How to launch a GPU job on multiple nodes?

Note: the question is about Slurm, and not the internals of the job. I have a PyTorch task with distributed data parallel (DDP), I just need to figure out how to launch it with slurm

Here are something I tried (please correct me if I am wrong)

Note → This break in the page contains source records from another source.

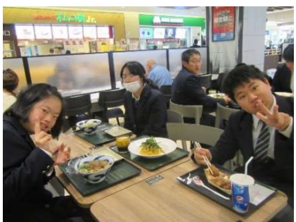
新静岡セノバのフードコートにてグループ毎のランチタイム。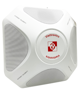
1 loa chủ OS-2501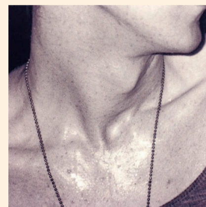
Beeld van Wolfgang Tillmans.

De expo 'The Photographic' in het S.M.A.K. in Gent voert in een eerste luik een 20-tal fotografen op die spelen met de grenzen van hun medium en die voortdurend de verhouding tussen de camera en het object exploreren. Het resultaat zijn aangrijpende beelden die de fotografie als het ware heruitvinden.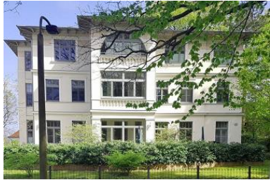
Frontansicht des Hauses.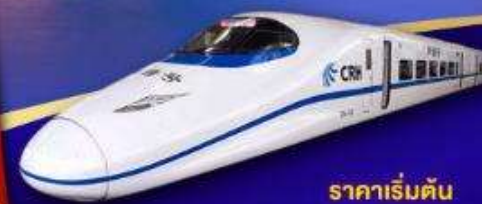
ราคาเริ่มต้น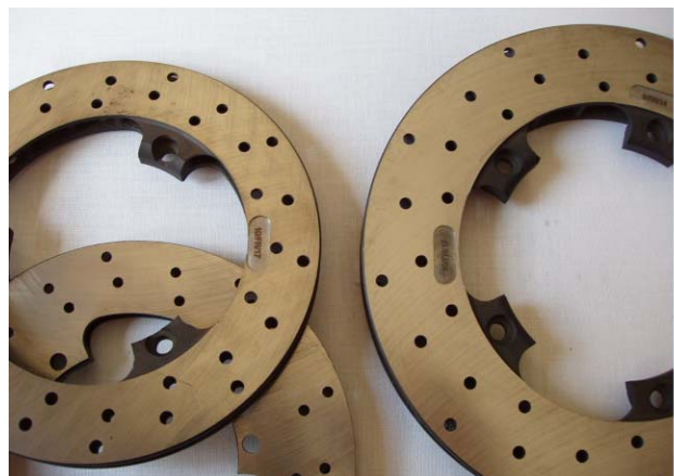
Disques / Discs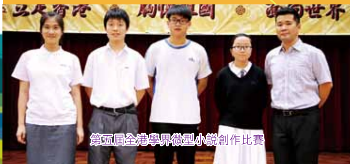
第五屆全港學界微型小說創作比賽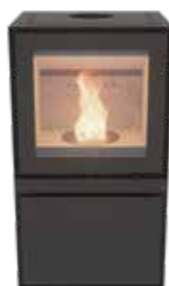
Max B Pellet Uni Noir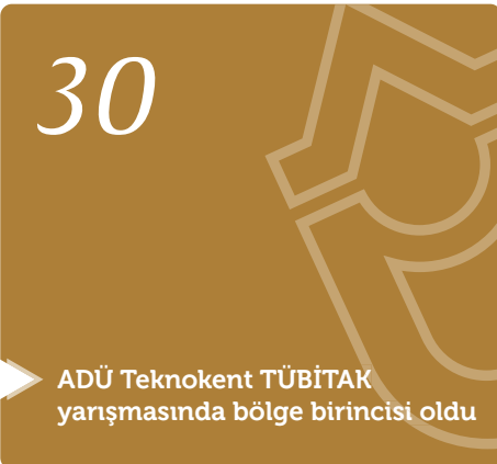
ADÜ Teknokent TÜBİTAK yarışmasında bölge birincisi oldu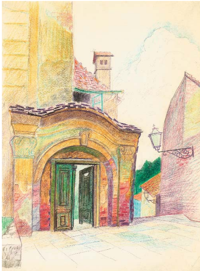
Старий Загреб. 1991 р. Кольоровий олівець

Не буду зосереджуватися на описі принад Адриатики — про них написано чимало.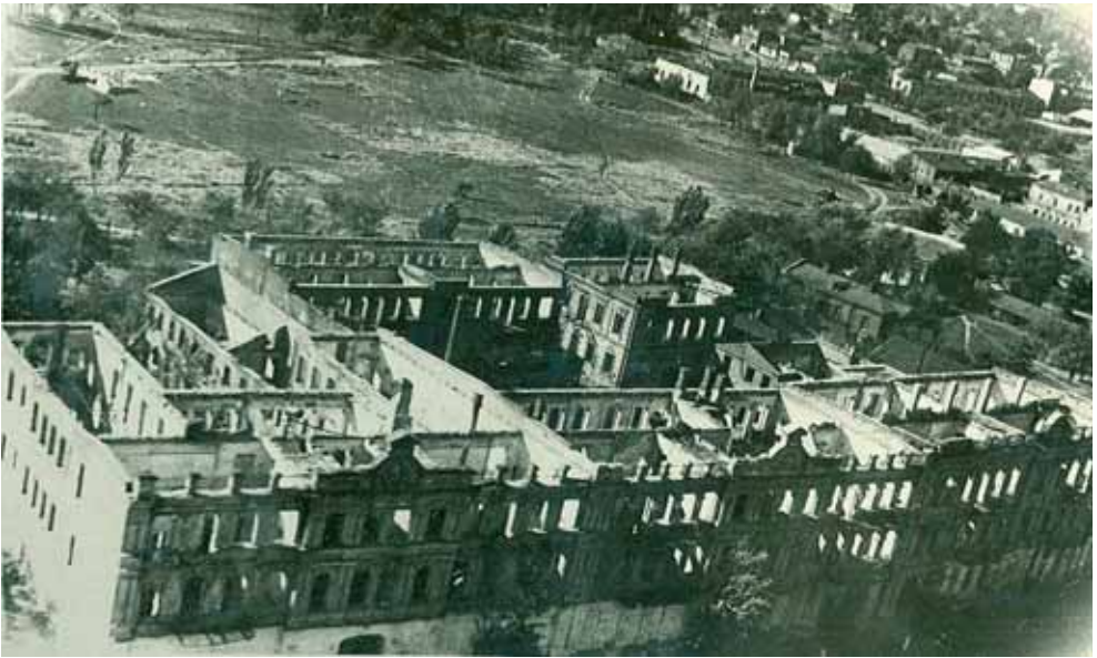
Проспект Карла Маркса після бомбардувань, м. Дніпропетровськ. Фототека облархіву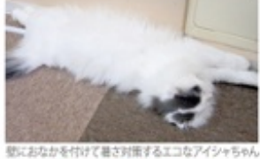
動におなかを付けて着せ対策するエコなアイシちゃん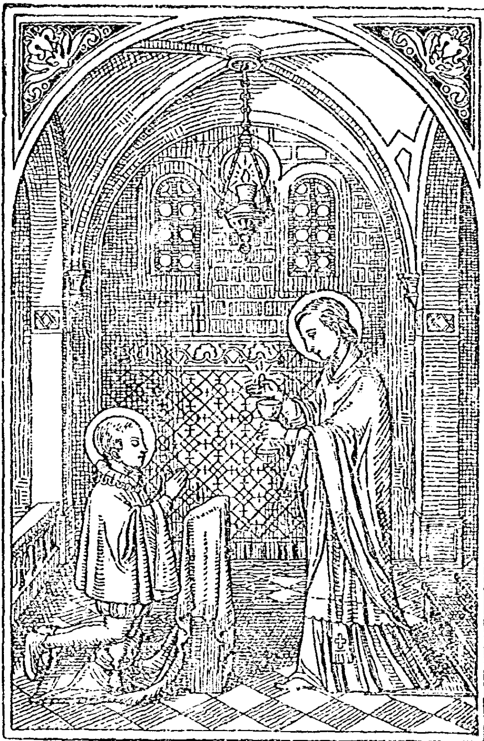
體聖領次初思類聖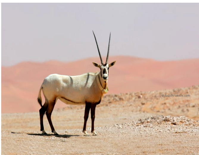
Oryx-antilopen; Qatars Nationaldyr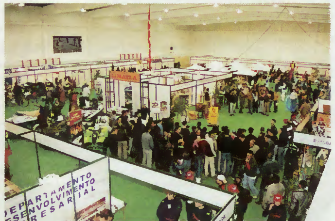
I Feira Económica - Expositores

Without GPUs, slurm works as expected

Step1: Get an allocation.

# TODO: sbatch instead of srun on bash script
$ srun -t 1:00:00 --mem=4G -N 2 -n 2  --pty bash
srun: job 59667 queued and waiting for resources
srun: job 59667 has been allocated resources

Step 2: view allocation

$ scontrol show hostnames
d05-06
d05-07

Step 3: run

$ srun hostname
d05-06.hpc.usc.edu
d05-07.hpc.usc.edu

srun worked as expected; it ran 2 jobs, one on each node printing hostname

What is wrong with GPU Jobs

Step 1: get an allocation

$srun -t 1:00:00 --mem=4G -N 2 -n 2 --gres=gpu:2  --pty bash
srun: job 59662 queued and waiting for resources
srun: job 59662 has been allocated resources

Step2: view allocation

scontrol show hostnames
d11-03
d23-16

Step 3: Run
But the srun which worked before without GPU now freezes.

$ srun hostname

It stays there forever.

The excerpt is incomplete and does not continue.